Of course, Harold Ford doesn't want a smart electorate because they will uncover that every stance that he takes during the campaign is in direct opposition to his voting history in Congress. His campaign strategy may lie with the hope that the failing Memphis school system has produced enough voters to carry him to victory in November.

As for the Ed Bryant campaign, they have run into some difficulty in recent weeks in getting out their candidate's message. (Of course, even saying that, Ed won another straw poll in Shelby County over the weekend, this one by 40% over second-place Corker and extremely distant third-place Van Hilleary. Even through a lull in his campaign momentum as Corker spends his millions, Bryant still has strong showings amongst the party faithful.) There certainly is no need to panic, because we still have over 2 months left, but Ed needs to get his message to the people and not be drawn down into the mire by Hilleary or baited to spend his campaign money too early by Corker.

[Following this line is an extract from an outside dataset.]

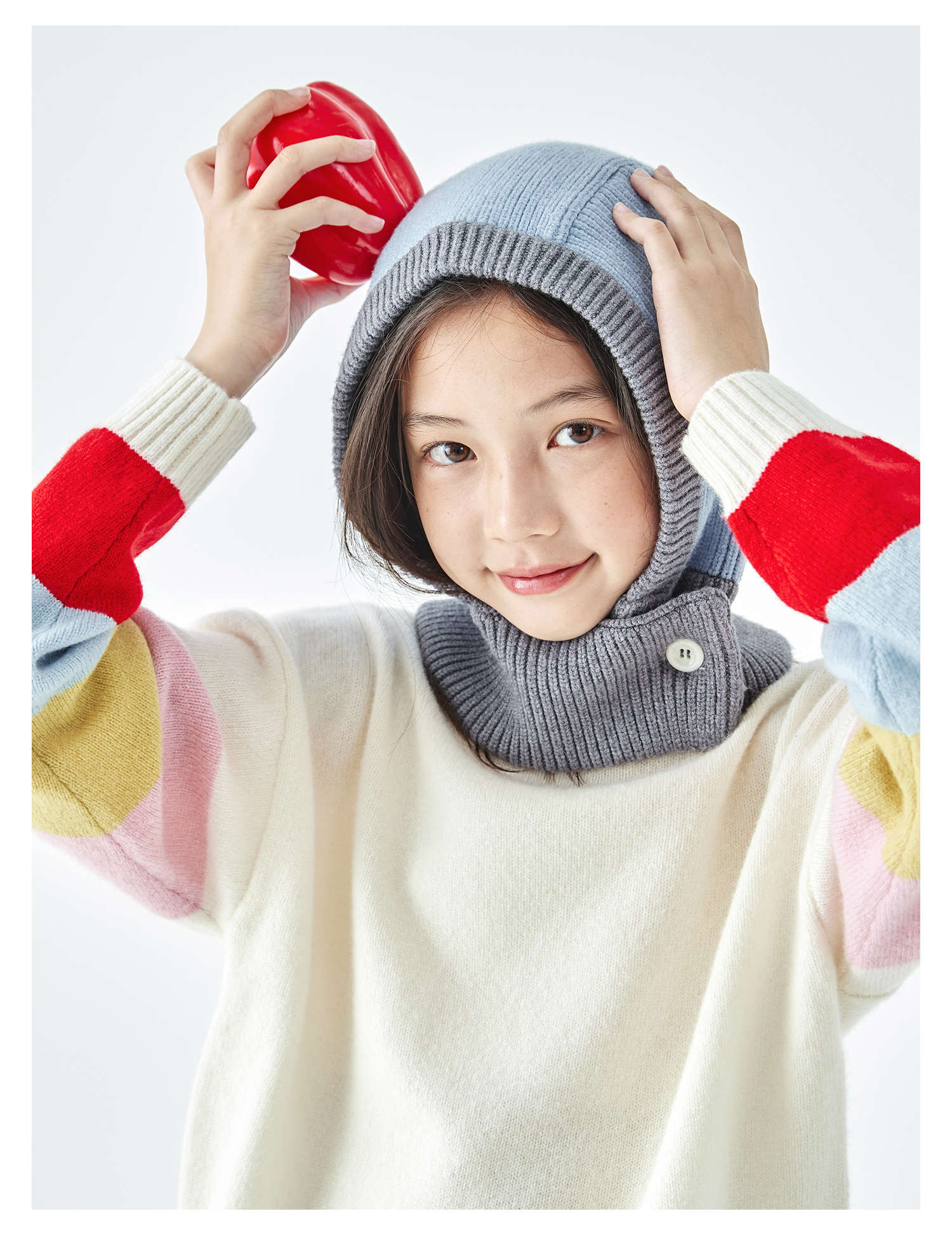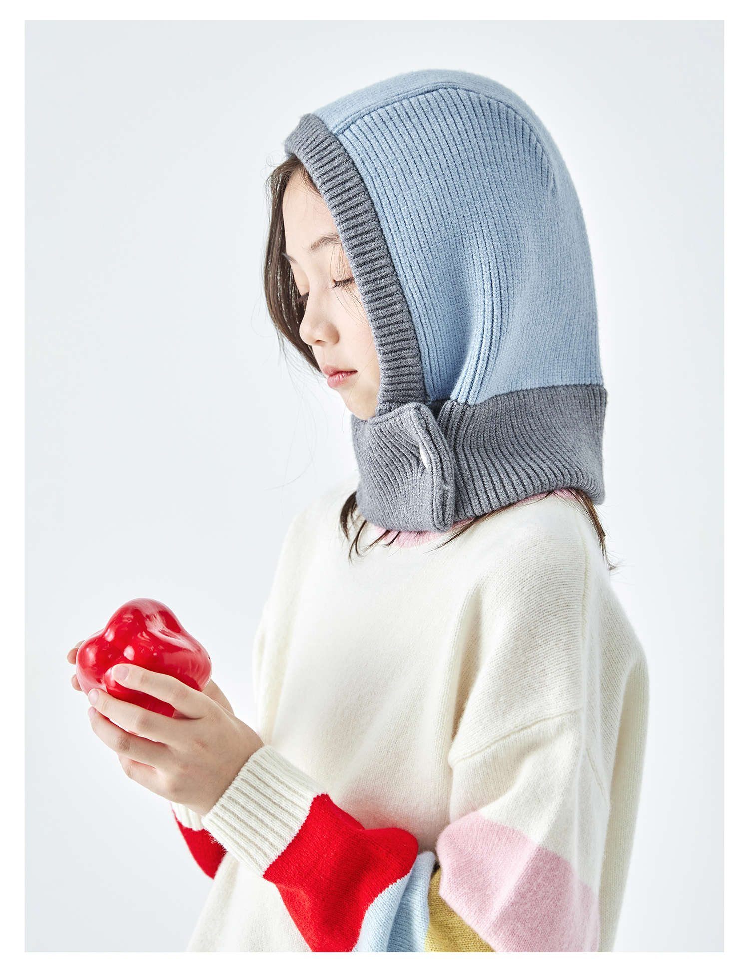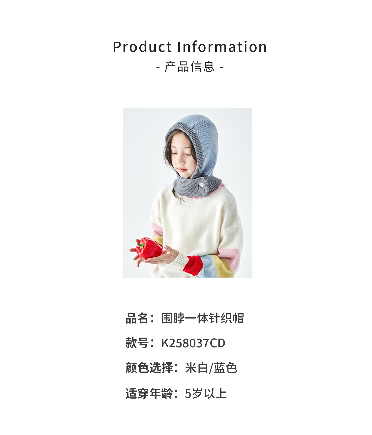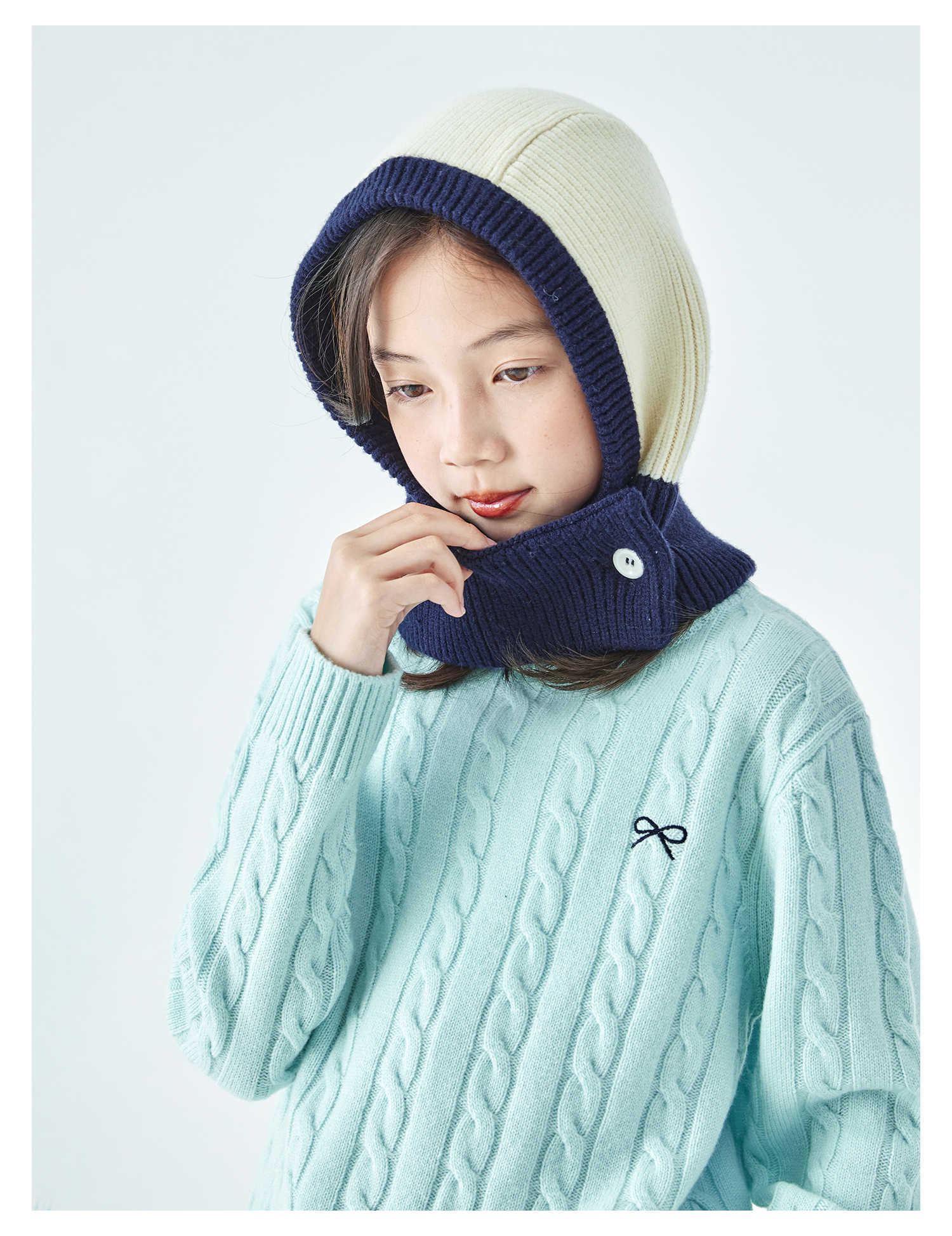 棵初2025年秋冬季新款亲子中大女童围脖一体针织帽亲肤柔软高弹帽

Well, I guess this isn't a future post at all...


Comment Changes

Due to my being too busy to trace down anonymous commenters (especially when several people are on the site at once and they are from Columbia, SC, Portugal, and Johnson City, TN, amongst other places), I have banned anonymous commenting on VOLuntarilyConservative. I should have done so earlier, as I would never have allowed anonymous material in the newspaper when I was editor and feel it to be worthless in nature due to its lack of authentication. Besides, who cares what a coward has to say?

I'll try this format and see if it works. If this doesn't remedy the problem, I'll go to comment moderation and (much like Bill O'Reilly) will require name and town before any comments go to post. I certainly hope it doesn't come to that, folks.

Sunday, May 21, 2006


Sticking with the NASCAR theme...

An article in the Tennessean reminded me of a free agent driver that needs some attention.

If any NASCAR team owner with a vacancy has a desire to put a great driver and even better person behind the wheel of his car, one need look no further than Ward Burton.

I'm a Bill Elliott fan from back in the early 1980's. Right now, I have very little allegiance to any one driver, although I do cheer for Sterling Marlin when he is in contention (which, unfortunately, isn't often these days). I could easily cheer for Ward Burton, car owners. Forget these young never-won-anythings that keep getting promoted to the Nextel Cup level. (Remember the good ole days when one had to win the Busch Series or later the Craftsmen Truck Series to get a shot at the big boys? Nowadays, one doesn't even have to finish in the top 10 of any series to get a shot - as long as he has a baby face and can speak in perfect cliches.)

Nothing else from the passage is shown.